12/10/2001 5:06:00 AM

In-Reply-To: <200112100807.KAA134792@ius578.iil.intel.com>
Bob Valentine wrote:

> I have certainly been exploring MOS and MOS offspring so I'm
> interested in this topic. Recently I have been looking at
> mappings from one ed2 to another. For instance, this weekend
> I played with
>
> 31 : 4414414441
> 41 : 5525525552

That's the neutral third MOS. See
<http://x31eq.com/7plus3.htm>.

> which unfortunately doesn't have an analog in 19. I'm
> concentrating on 31 and 41 because although they have much
> of the same resources (perhaps too much) 31 approaches it
> them as a meantone and 41 as a quasi-pythagorean tuning.

No, 19 doesn't fit the pattern. Although 38 does.

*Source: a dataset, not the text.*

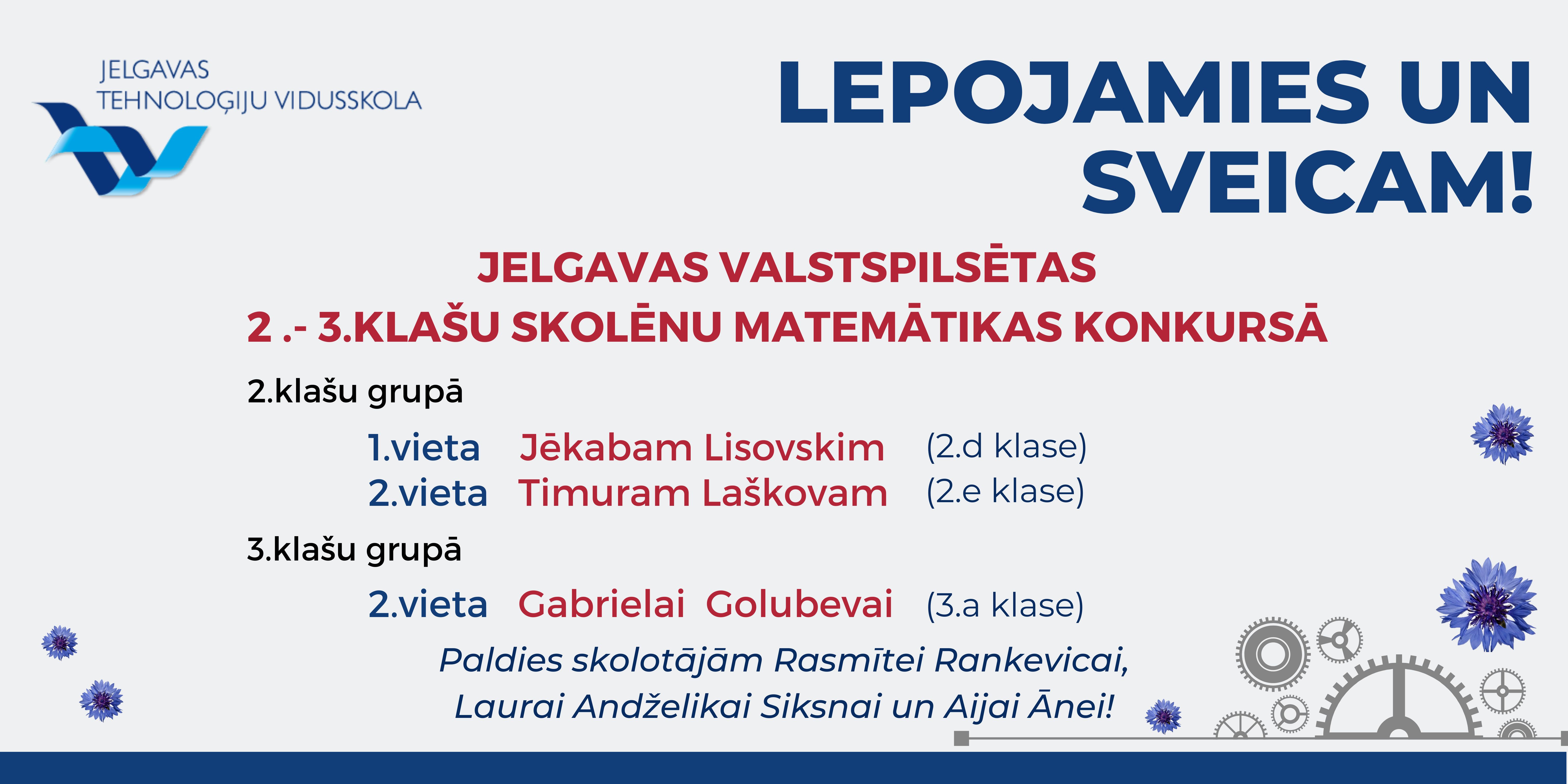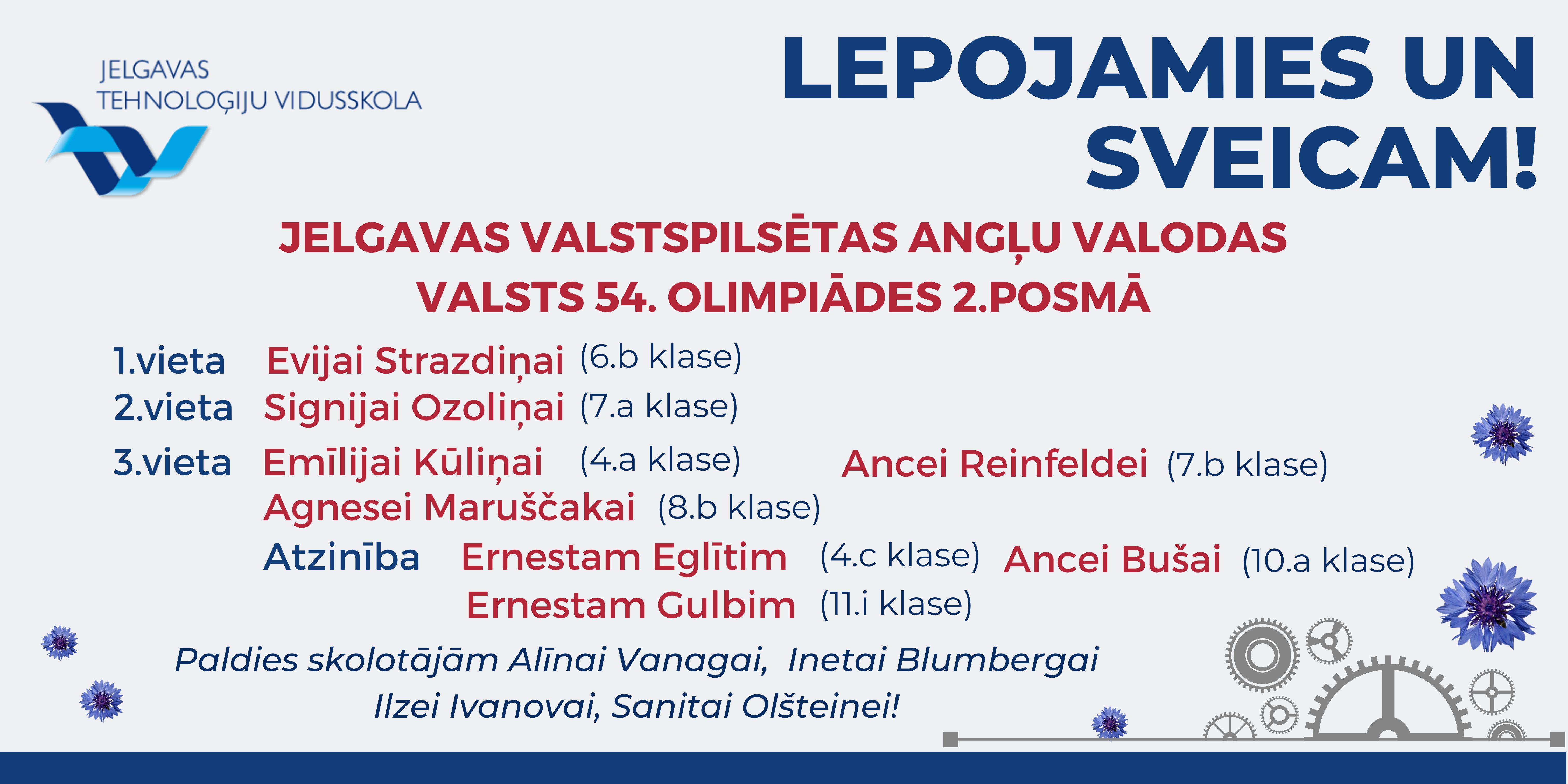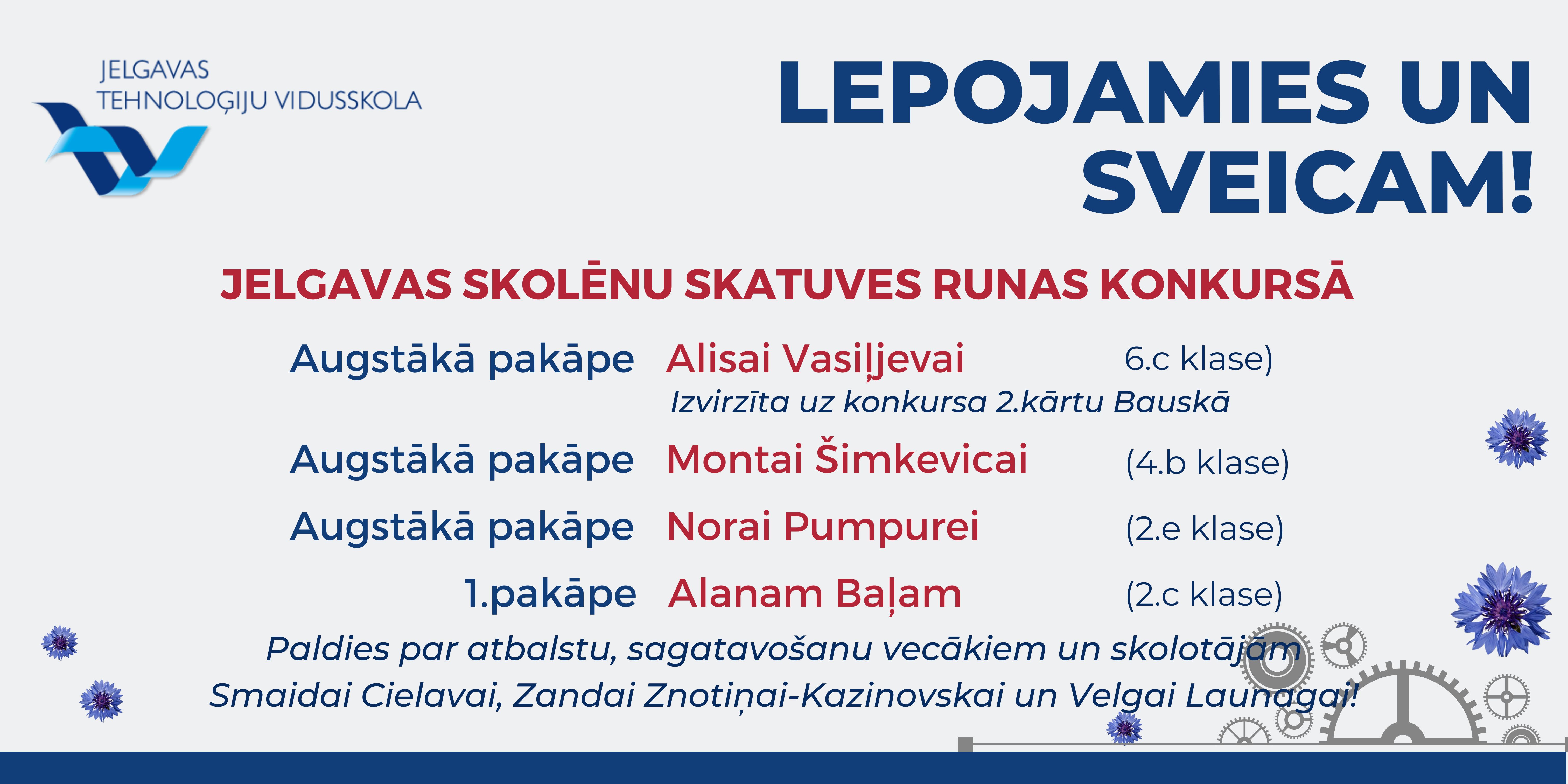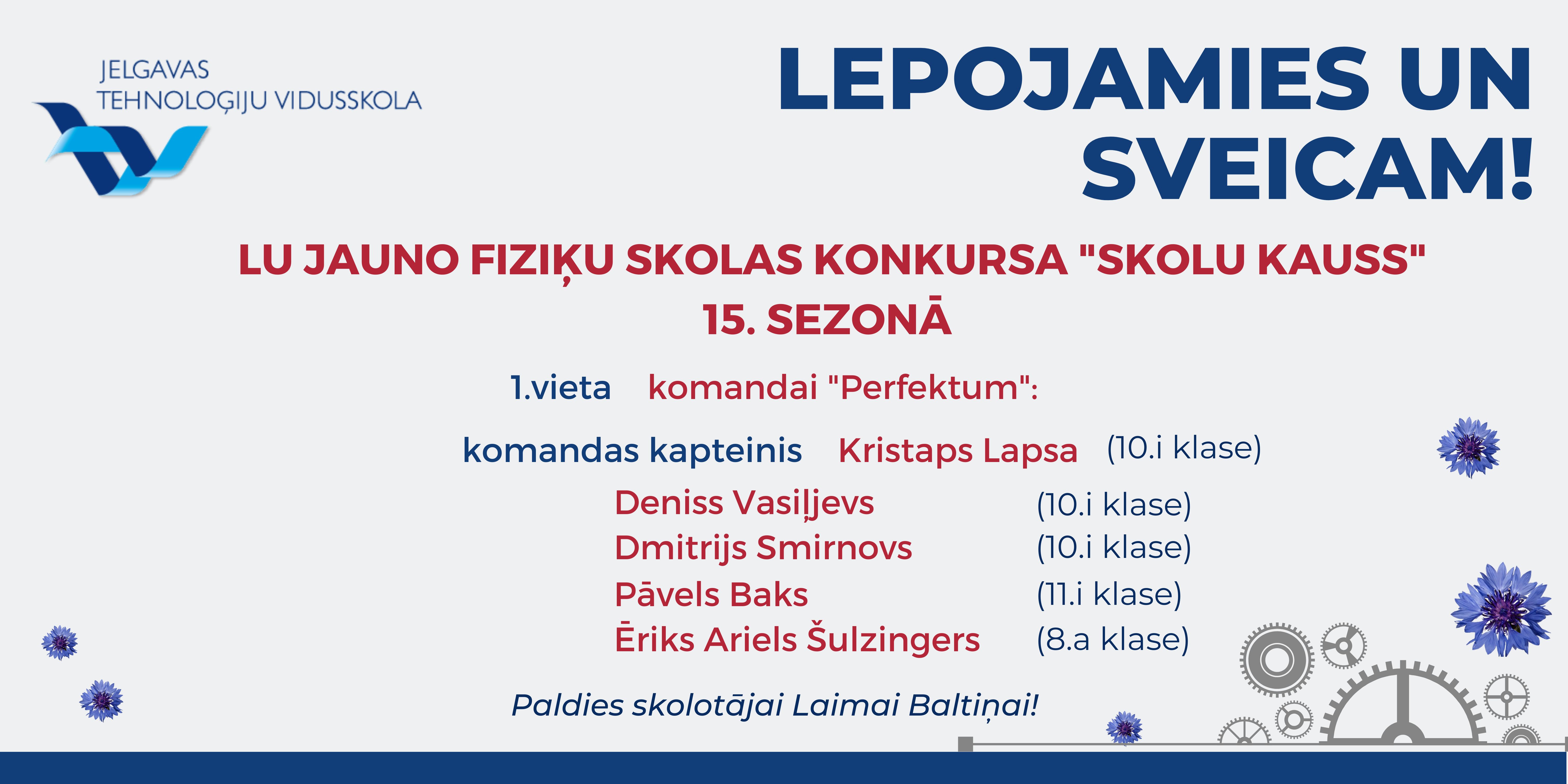 Paldies Matīm Vītolam, komandai "Cietie rieksti" (Pāvels Baks, Patriks Laizāns, Ēriks Ariels Šulzingers), 9.b, 6.a, 5.b un 7.b klasei par aizrautīgo piedalīšanos, un paldies skolotājiem par skolēnu sagatavošanu un iedvesmošanu!

But if you're talking about 31 and 41, that must be a re-mapping of
Miracle. In this case, as your generator is 3 secors, you're only getting
a third of the full Miracle temperament. Although everything's still
there if you take enharmonic equivalents in 31 or 41, the approximations
won't agree between them.

There's been a lot of fuss about Miracle the past year. My best starting
page is <http://x31eq.com/miracle.htm>.

> In Saturday improvisations I preferred 31, in part because
> the 5-(odd)-limit intervals are more palatable to me than the
> 3-(prime)-limit (more than compensating for the slightly
> bruised 3/2 and 4/3). I also preferred the more exagerated
> difference in step sizes (higher value of R).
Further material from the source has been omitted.